In a seventh possible implementation form of the audio signal processing method according to the sixth implementation form of the second aspect, for at least one infinite impulse response filter of the plurality of infinite response filters the plurality of predefined filter parameters are selected by determining a frequency and an azimuth angle and/or an elevation angle, at which a left ear transfer function or a right ear transfer function of the plurality of pairs of measured left ear and right ear transfer functions has a minimal or maximal magnitude, and by approximating the frequency dependence of the left ear transfer function or the right ear transfer function of the plurality of pairs of measured left ear and right ear transfer functions by the frequency dependence of the at least one infinite impulse response filter.
In an eighth possible implementation form of the audio signal processing method according to the sixth or seventh implementation form of the second aspect, the filter parameters, namely the cut-off frequency parameter f0, the gain parameter g0 and the bandwidth parameter Δ0 are determined on the basis of the following equations:
f0=max(mf,min(Mf,af(ϕ−ϕp)2+fp)),
g0=max(mg,min(Mg,ag(ϕ−ϕp)2+gp)),
Δ0=max(mΔ,min(MΔ,aΔ(ϕ−ϕp)2+Δp)).
wherein Mf,g,Δ and mf,g,Δ denote maximal and minimal values of f,g,Δ, respectively, and wherein af,g,Δ denote coefficients controlling the speed of changing the corresponding filter design parameters.
In a ninth possible implementation form of the audio signal processing method according to the second aspect as such or any one of the first to eighth implementation form thereof, the step of filtering the input audio signal on the basis of the determined pair of left ear and right ear transfer functions and the adjustment function comprises the steps of convolving the adjustment function with the left ear transfer function and convolving the result with the input audio signal in order to obtain the left ear output audio signal and/or the steps of convolving the adjustment function with the right ear transfer function and convolving the result with the input audio signal in order to obtain the right ear output audio signal.
In a tenth possible implementation form of the audio signal processing method according to the second aspect as such or any one of the first to eighth implementation form thereof, the step of filtering the input audio signal on the basis of the determined pair of left ear and right ear transfer functions and the adjustment function comprises the steps of convolving the left ear transfer function with the input audio signal and convolving the result with the adjustment function in order to obtain the left ear output audio signal and/or the steps of convolving the right ear transfer function with the input audio signal and convolving the result with the adjustment function in order to obtain the right ear output audio signal.

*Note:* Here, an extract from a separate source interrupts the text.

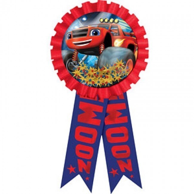 Este acessório com adesivo tem uma colorida imagem do Blaze no fundo preenchida com confetis.

In an eleventh possible implementation form of the audio signal processing method according to the second aspect as such or any one of the first to tenth implementation form thereof, the audio signal processing method further comprises the step of outputting the left ear output audio signal and the right ear output audio signal by means of a pair of transducers, in particular headphones or loudspeakers using crosstalk cancellation.
In a twelfth possible implementation form of the audio signal processing method according to the second aspect as such or any one of the first to eleventh implementation form thereof, the pairs of predefined left ear and right ear transfer functions are predefined for a plurality of reference positions relative to the listener, which lie in the horizontal plane relative to the listener.
In a thirteenth possible implementation form of the audio signal processing method according to the second aspect as such or any one of the first to twelfth implementation form thereof, the step of determining the pair of left ear and right ear transfer functions on the basis of the set of pairs of predefined left ear and right ear transfer functions for the azimuth angle and the elevation angle of the virtual target position comprises the step of selecting a pair of left ear and right ear transfer functions from the set of pairs of predefined left ear and right ear transfer functions for the azimuth angle and the elevation angle of the virtual target position or the step of interpolating a pair of left ear and right ear transfer functions on the basis of the set of pairs of predefined left ear and right ear transfer functions for the azimuth angle and the elevation angle of the virtual target position.
The audio signal processing method according to the second aspect of the disclosure can be performed by the audio signal processing apparatus according to the first aspect of the disclosure.
According to a third aspect the disclosure relates to a computer program comprising program code for performing the audio signal processing method according to the second aspect of the disclosure or any of its implementation forms when executed on a computer.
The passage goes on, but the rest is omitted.